A New York grand jury has indicted Nehal Modi (pictured), the former CEO of Samuels Jewelers and Gitanjali USA, with grand larceny for allegedly defrauding diamond company LLD of $2.6 million.
According to the statement of facts from Manhattan D.A. Cy Vance Jr., in March 2015, Modi, then head of Noble Titan Holdings, approached the office of LLD—owned by diamond baron Lev Leviev—about buying nearly $800,000 worth of diamonds on credit, claiming that he wanted to sell them to Costco.
The D.A. charged that none of the diamonds were sold to Costco, but that instead Modi pawned them at Modell Collateral Loans for a short-term loan.
In April and May of 2015, Modi took another $1 million in diamonds from LLD for purported sales to Costco, according to the D.A.’s statement. And while Modi did make some payments to LLD, he used the majority of the proceeds for personal use and other business expenses, prosecutors said—while explaining his failure to pay back the rest as resulting from a “Costco fulfillment error.”
In August 2015, LLD gave Modi more diamonds on consignment, this time requiring that Modi obtain prior authorization before making any sales, as he already owed the company nearly $1 million, the D.A. said. Modi pawned the majority of diamonds at Modell, and sold the remainder to various retailers at a steep discount from the listed consignment price, according to prosectors.

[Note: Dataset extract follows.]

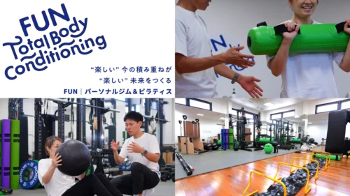 FUN|パーソナルジム&ピラティスはコンディショニング・トレーニング・栄養を軸に、身体づくりを継続しやすいプログラムを提供してくれるパーソナルジムです。ダイエット・ボディメイクで理想の体型を実現したり、スポーツや日常動作のパフォーマンスの向上や、肩こりや腰痛などのお悩みの解消まで、一人一人のなりたい身体にあわせてやトレーニングの目的にあわせて身体づくりをサポートしてくれます。清潔感あるスタジオで、トレーニングマシンやピラティスの機材も充実している環境の中、トレーニングに集中することができます。
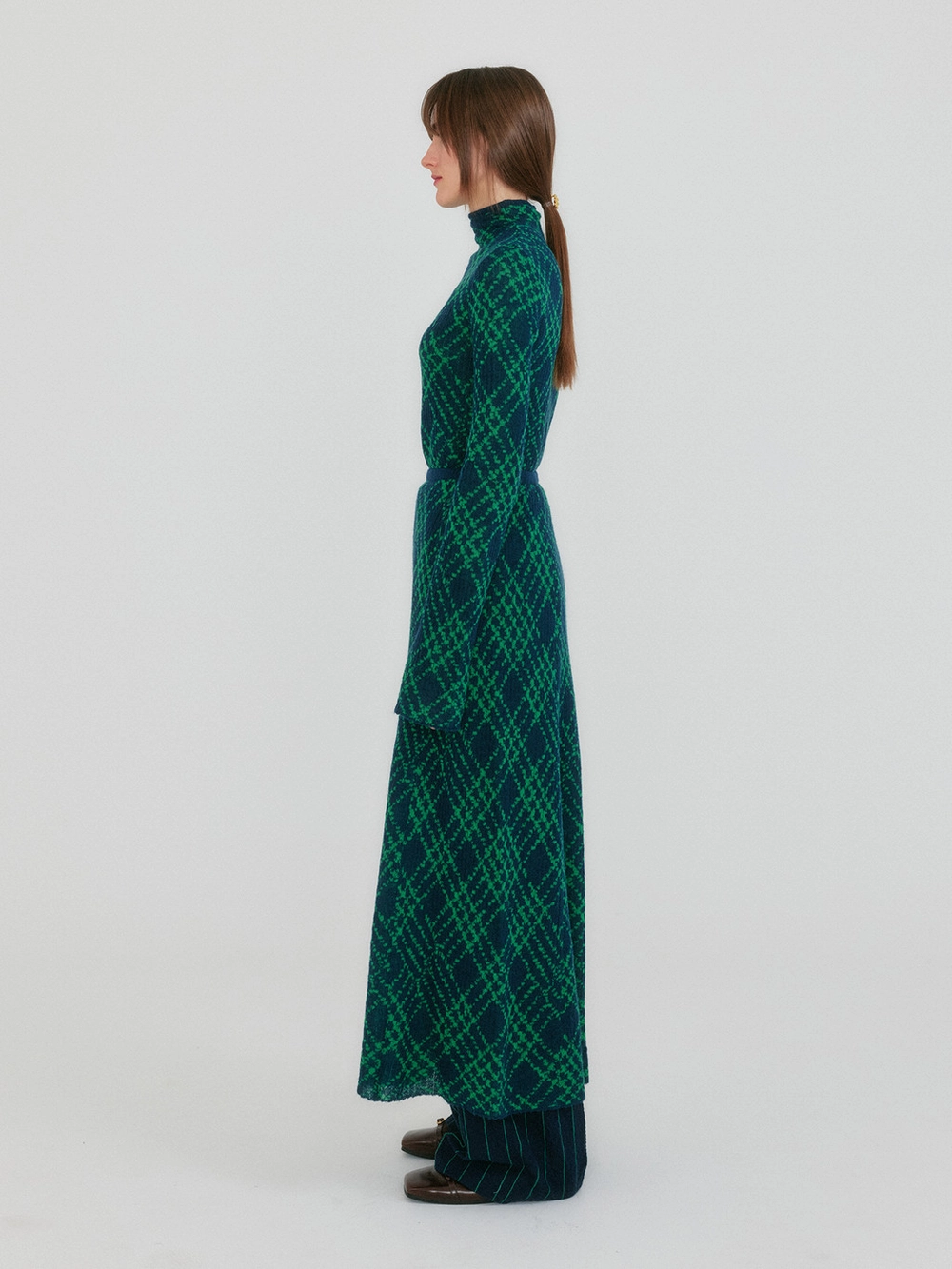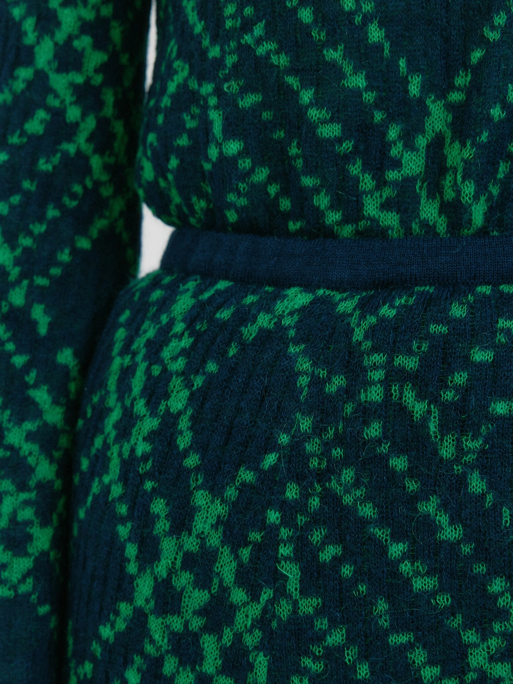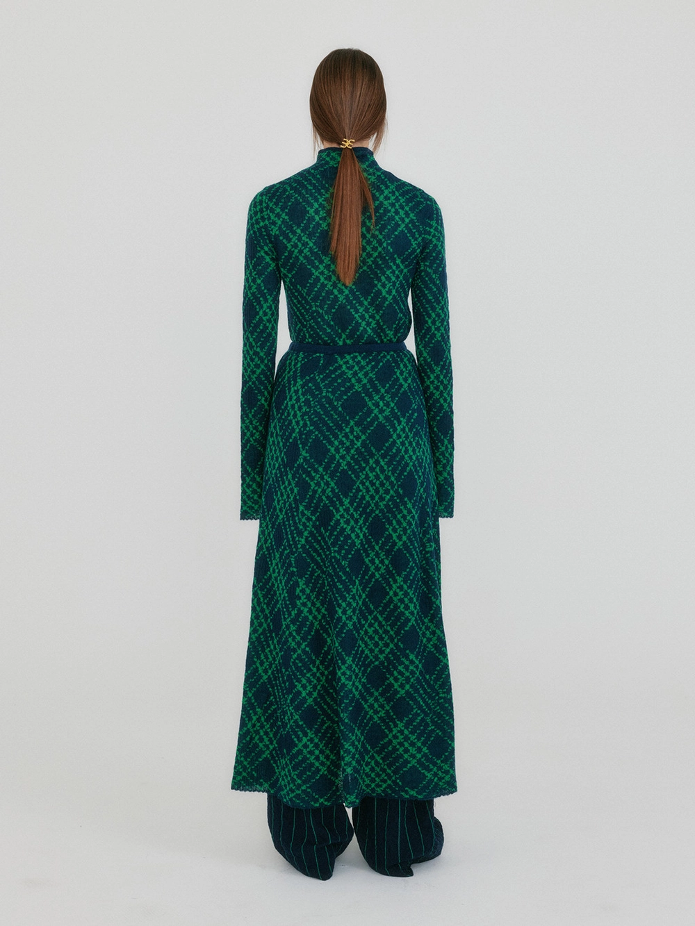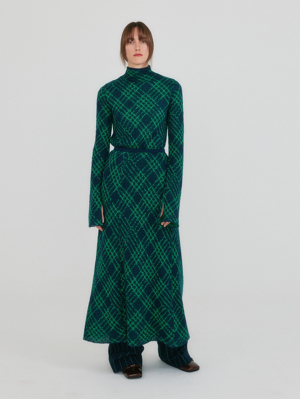 ZOLLINE Check Pattern Knit Skirt - Green Multi

LLD had previously brought civil litigation against Modi. So far, he has paid back $1.2 million of the $2.6 million, according to the D.A.’s statement of facts.
Modi’s lawyer, Roger J. Bernstein, tells JCK: “This is in reality a commercial dispute. The district attorney’s charges are only allegations, not facts, and my client has pled not guilty because he is not guilty.”
Modi is the stepbrother of noted diamond trader Nirav Modi, who has been charged with defrauding India’s Punjab National Bank of $2 billion. Nirav is currently in custody in London. Their uncle, Mehul Choksi, former chairman of Samuels’ parent company Gitanjai, has also been charged with bank fraud.
Like his brother and uncle, Nehal also faces legal trouble in India. In 2019, he was reportedly charged with funneling his brother’s bank loan to Bailey Banks & Biddle, the U.S. retailer that has since gone out of business.
Bernstein responds: “As to the charges in India that have brought against dozens of people in dragnet fashion, [Nehal Modi] was never a party to the bank transactions there and is not guilty of any wrongdoing.”
Samuels, once one of the largest jewelers in the United States, liquidated in 2019.
This story has been updated with a response from Modi’s lawyer.